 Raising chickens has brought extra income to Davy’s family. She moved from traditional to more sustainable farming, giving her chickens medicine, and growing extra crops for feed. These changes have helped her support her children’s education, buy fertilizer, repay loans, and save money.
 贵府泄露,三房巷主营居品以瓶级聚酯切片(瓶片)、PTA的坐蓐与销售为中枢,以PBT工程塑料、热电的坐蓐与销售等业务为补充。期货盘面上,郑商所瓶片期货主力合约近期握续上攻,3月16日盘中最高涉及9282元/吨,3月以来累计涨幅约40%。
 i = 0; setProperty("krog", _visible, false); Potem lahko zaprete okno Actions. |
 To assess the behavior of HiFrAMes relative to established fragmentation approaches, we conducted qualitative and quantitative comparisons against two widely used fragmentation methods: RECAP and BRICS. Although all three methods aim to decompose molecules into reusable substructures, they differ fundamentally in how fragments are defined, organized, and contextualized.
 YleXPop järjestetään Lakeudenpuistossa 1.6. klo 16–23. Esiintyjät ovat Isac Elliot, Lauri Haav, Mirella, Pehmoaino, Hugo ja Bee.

****

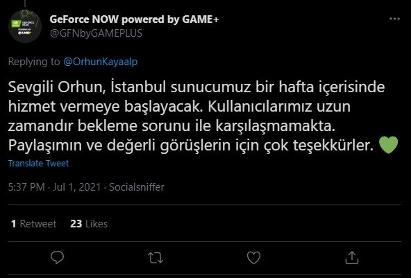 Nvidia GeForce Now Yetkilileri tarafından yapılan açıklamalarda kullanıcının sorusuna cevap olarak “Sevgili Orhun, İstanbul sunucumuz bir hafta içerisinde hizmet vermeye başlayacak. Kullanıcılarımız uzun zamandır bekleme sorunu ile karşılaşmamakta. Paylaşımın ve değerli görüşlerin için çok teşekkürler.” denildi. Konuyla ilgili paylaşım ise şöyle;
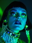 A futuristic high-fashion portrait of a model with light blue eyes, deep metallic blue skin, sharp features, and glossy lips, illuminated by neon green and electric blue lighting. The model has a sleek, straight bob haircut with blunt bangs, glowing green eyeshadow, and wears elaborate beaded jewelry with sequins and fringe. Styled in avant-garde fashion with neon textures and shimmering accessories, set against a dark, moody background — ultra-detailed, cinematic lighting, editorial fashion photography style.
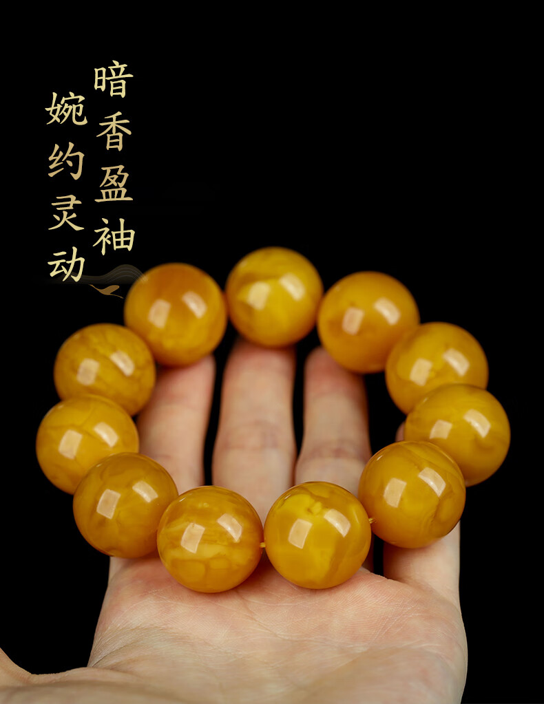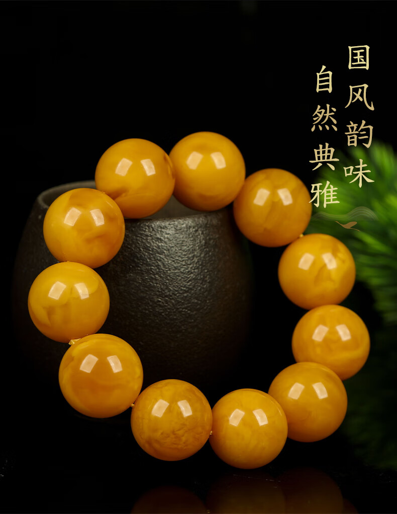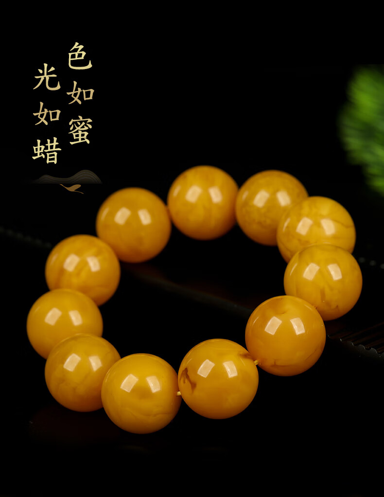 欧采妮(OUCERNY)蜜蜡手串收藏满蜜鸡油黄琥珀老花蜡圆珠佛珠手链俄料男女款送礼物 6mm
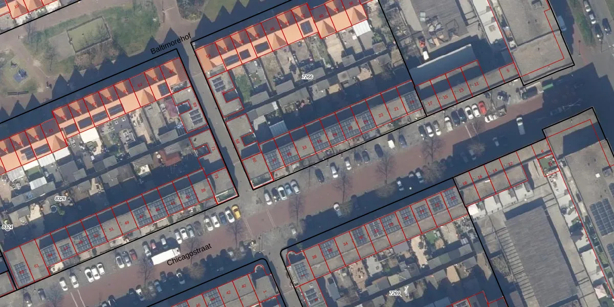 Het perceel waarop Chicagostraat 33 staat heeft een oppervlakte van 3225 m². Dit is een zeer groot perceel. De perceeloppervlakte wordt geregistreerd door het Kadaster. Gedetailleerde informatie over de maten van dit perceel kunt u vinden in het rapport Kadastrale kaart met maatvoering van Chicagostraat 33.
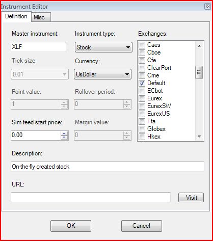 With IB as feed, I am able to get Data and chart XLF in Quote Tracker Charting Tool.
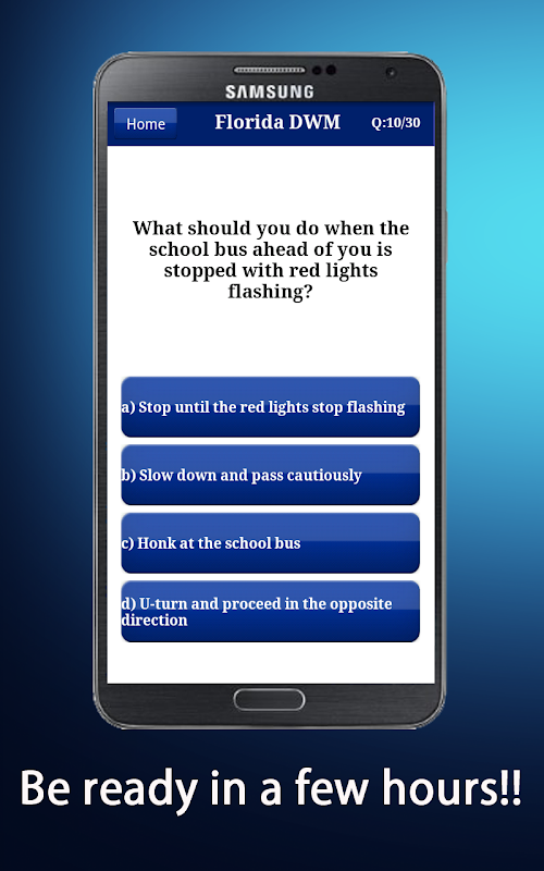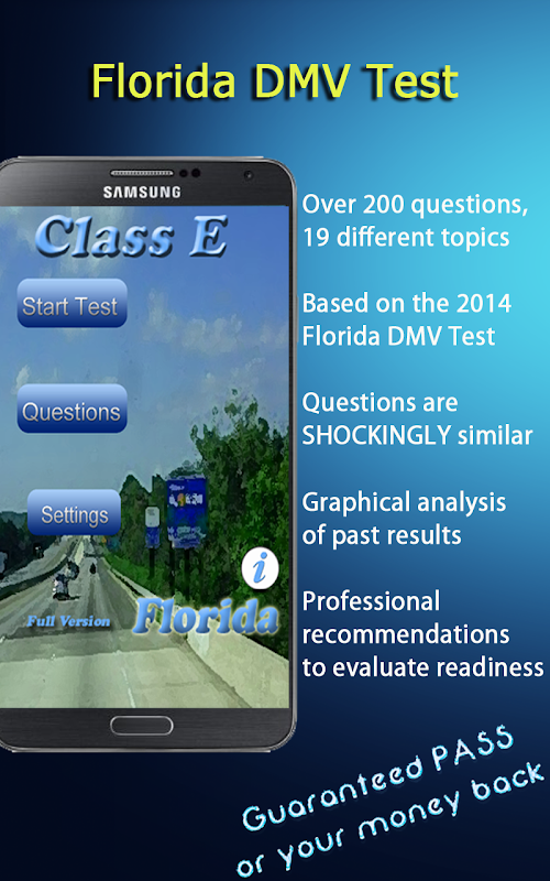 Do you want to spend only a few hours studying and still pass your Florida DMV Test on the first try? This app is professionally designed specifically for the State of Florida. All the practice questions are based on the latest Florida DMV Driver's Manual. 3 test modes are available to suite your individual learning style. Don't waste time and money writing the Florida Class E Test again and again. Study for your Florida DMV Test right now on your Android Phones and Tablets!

****

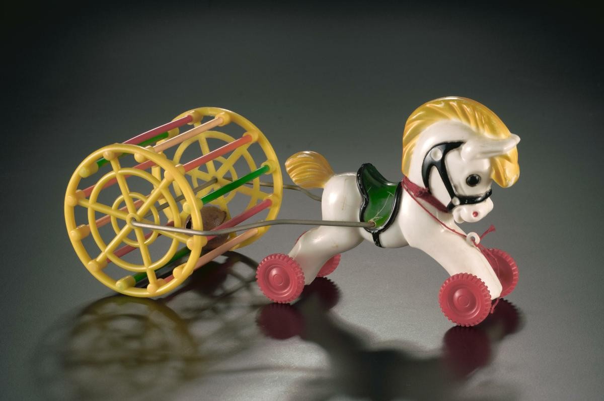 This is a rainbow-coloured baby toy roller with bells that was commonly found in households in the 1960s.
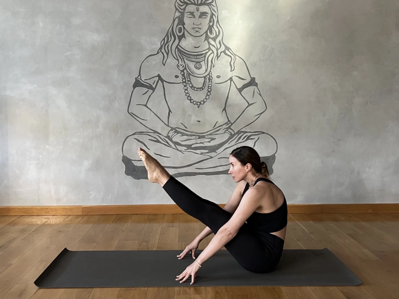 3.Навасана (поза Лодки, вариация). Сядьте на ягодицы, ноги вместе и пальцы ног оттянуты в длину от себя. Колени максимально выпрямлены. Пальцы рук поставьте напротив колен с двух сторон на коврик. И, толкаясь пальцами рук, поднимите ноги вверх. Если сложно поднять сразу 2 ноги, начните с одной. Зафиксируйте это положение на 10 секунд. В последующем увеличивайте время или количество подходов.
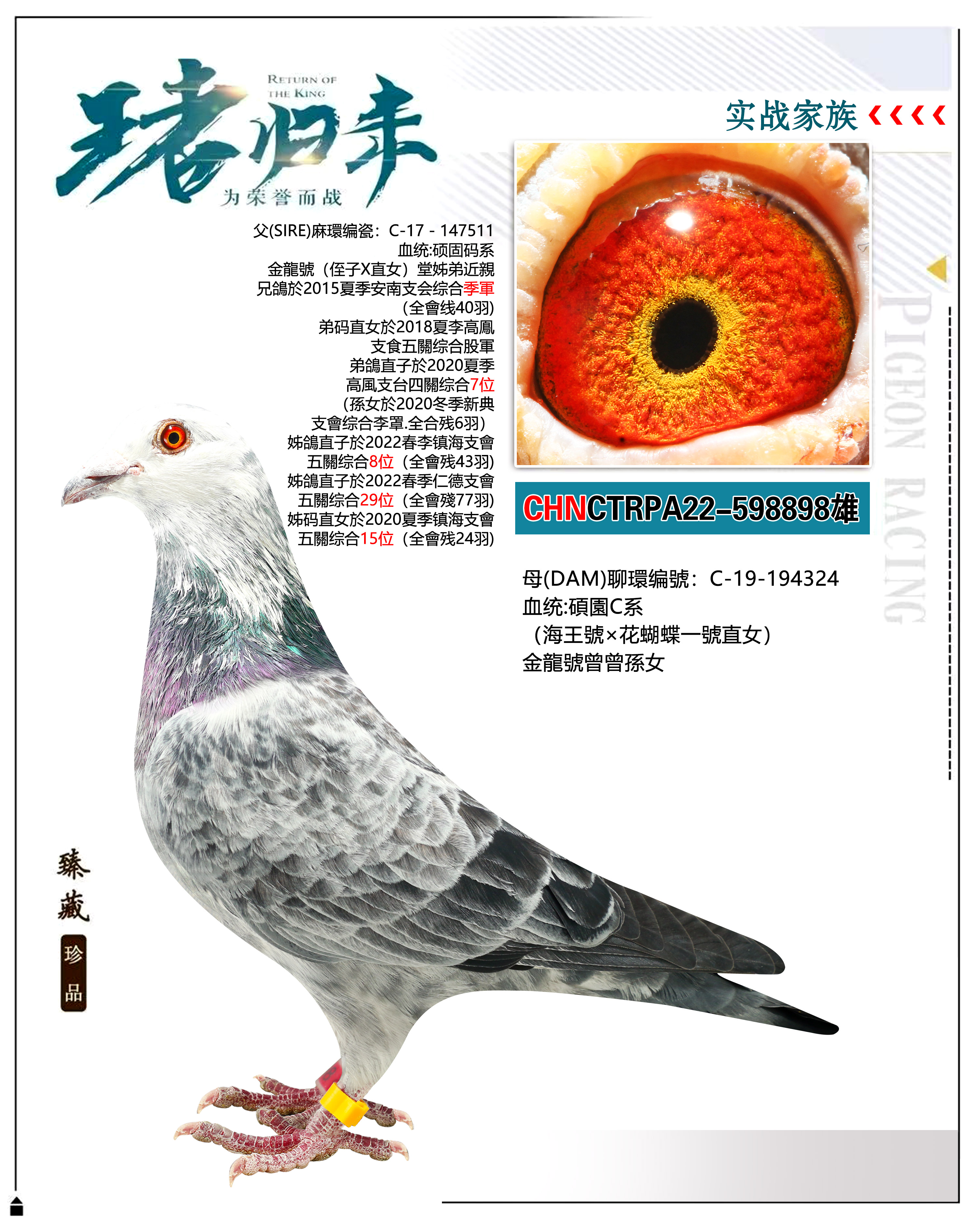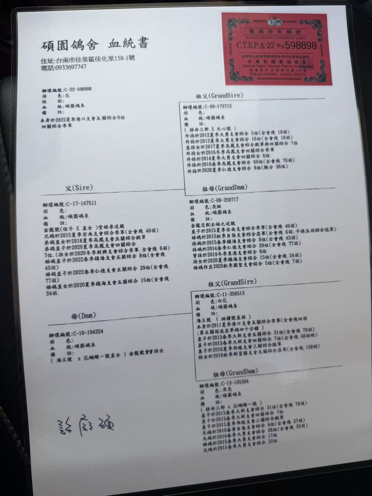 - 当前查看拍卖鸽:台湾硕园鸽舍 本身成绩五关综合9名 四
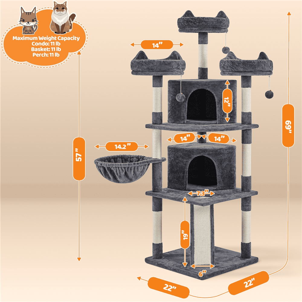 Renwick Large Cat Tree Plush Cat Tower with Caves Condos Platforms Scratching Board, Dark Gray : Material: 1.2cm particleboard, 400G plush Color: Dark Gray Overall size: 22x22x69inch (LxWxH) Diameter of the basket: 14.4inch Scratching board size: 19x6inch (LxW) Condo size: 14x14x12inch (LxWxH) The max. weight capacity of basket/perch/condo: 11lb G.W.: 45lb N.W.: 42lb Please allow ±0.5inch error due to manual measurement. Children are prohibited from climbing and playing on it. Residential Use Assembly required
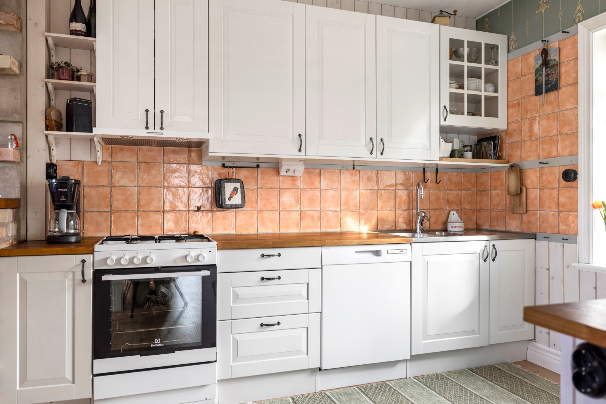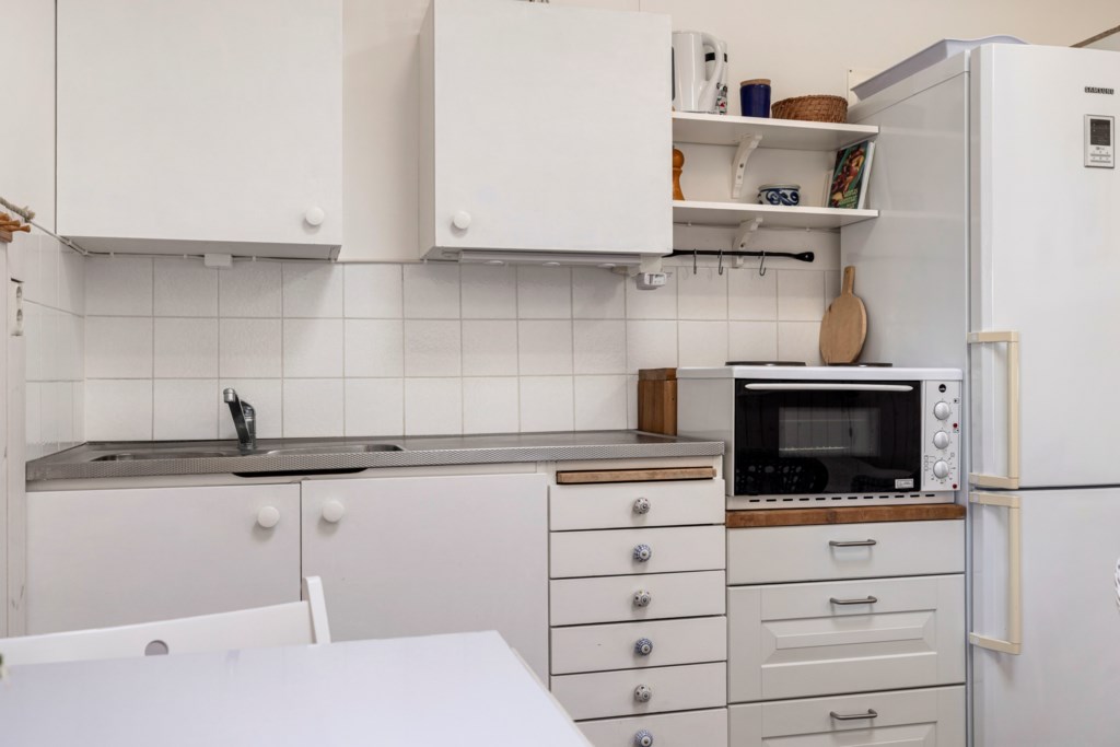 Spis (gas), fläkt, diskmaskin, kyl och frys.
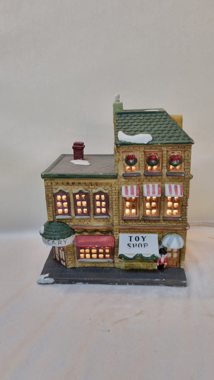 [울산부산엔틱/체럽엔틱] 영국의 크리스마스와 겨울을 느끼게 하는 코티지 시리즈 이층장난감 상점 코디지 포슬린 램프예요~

****

WHAT THE TASK ASKS: From the data above, return every line from the line that has "贵府泄露,三房巷主营居品以瓶" up to and including the line that has "YleXPop järjestetään Lakeudenpuistossa", exactly.

TASK ANSWER:
 贵府泄露,三房巷主营居品以瓶级聚酯切片(瓶片)、PTA的坐蓐与销售为中枢,以PBT工程塑料、热电的坐蓐与销售等业务为补充。期货盘面上,郑商所瓶片期货主力合约近期握续上攻,3月16日盘中最高涉及9282元/吨,3月以来累计涨幅约40%。
 i = 0; setProperty("krog", _visible, false); Potem lahko zaprete okno Actions. |
 To assess the behavior of HiFrAMes relative to established fragmentation approaches, we conducted qualitative and quantitative comparisons against two widely used fragmentation methods: RECAP and BRICS. Although all three methods aim to decompose molecules into reusable substructures, they differ fundamentally in how fragments are defined, organized, and contextualized.
 YleXPop järjestetään Lakeudenpuistossa 1.6. klo 16–23. Esiintyjät ovat Isac Elliot, Lauri Haav, Mirella, Pehmoaino, Hugo ja Bee.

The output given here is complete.